- What you have to do
Go through the listing below and output exactly the line with "2011年冬季淡儲,貨源較為", the line with "여기선 드라이브를 삭제할수 있긴한데 조금 UI가 불편해서 사용성이 떨어집니다.", and each line between; omit the rest.

[Recorded information Boundary: Start]

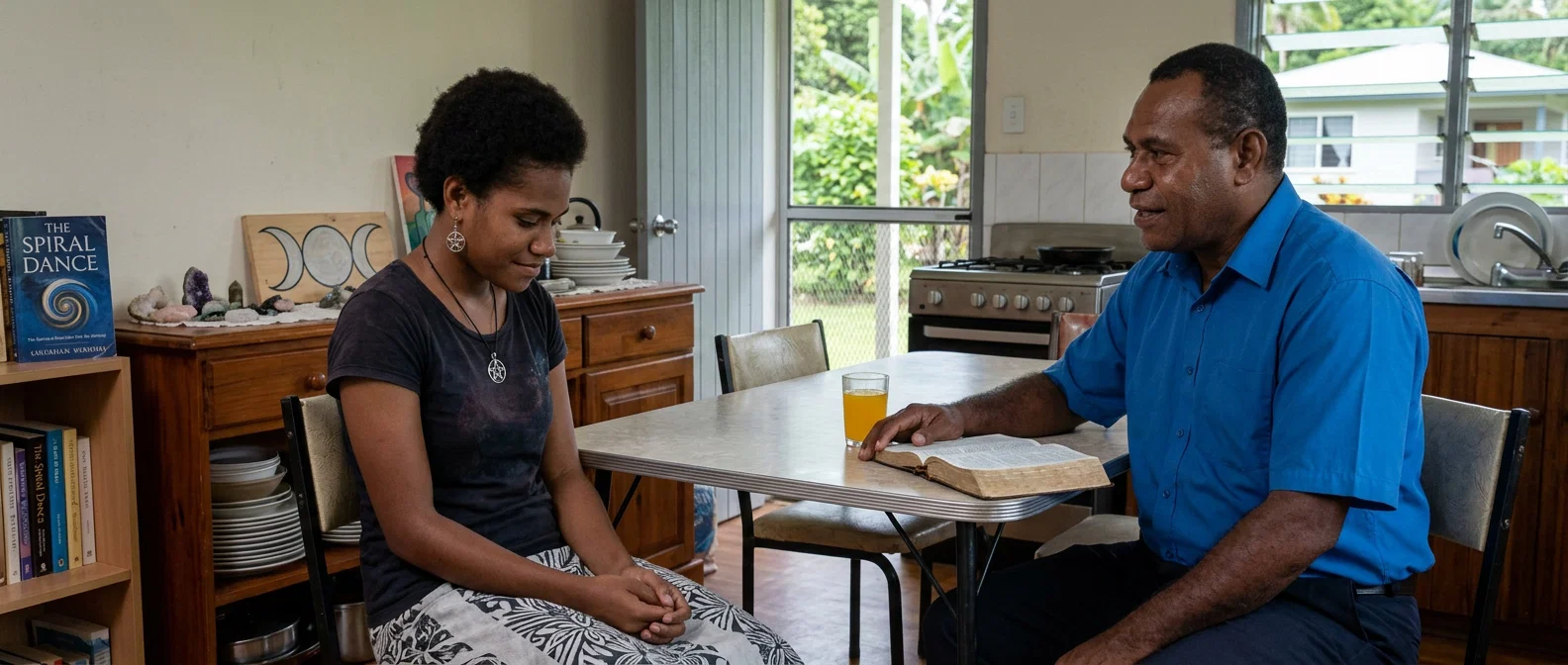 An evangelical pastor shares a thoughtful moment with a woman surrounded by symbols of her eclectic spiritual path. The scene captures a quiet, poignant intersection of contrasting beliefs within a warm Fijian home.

[Recorded information Boundary: End]
[Recorded information Boundary: Start]

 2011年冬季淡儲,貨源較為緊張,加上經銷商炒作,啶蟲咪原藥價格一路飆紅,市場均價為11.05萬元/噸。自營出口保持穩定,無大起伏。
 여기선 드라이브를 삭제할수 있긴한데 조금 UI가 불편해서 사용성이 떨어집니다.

[Recorded information Boundary: End]

- Result below
 2011年冬季淡儲,貨源較為緊張,加上經銷商炒作,啶蟲咪原藥價格一路飆紅,市場均價為11.05萬元/噸。自營出口保持穩定,無大起伏。
 여기선 드라이브를 삭제할수 있긴한데 조금 UI가 불편해서 사용성이 떨어집니다.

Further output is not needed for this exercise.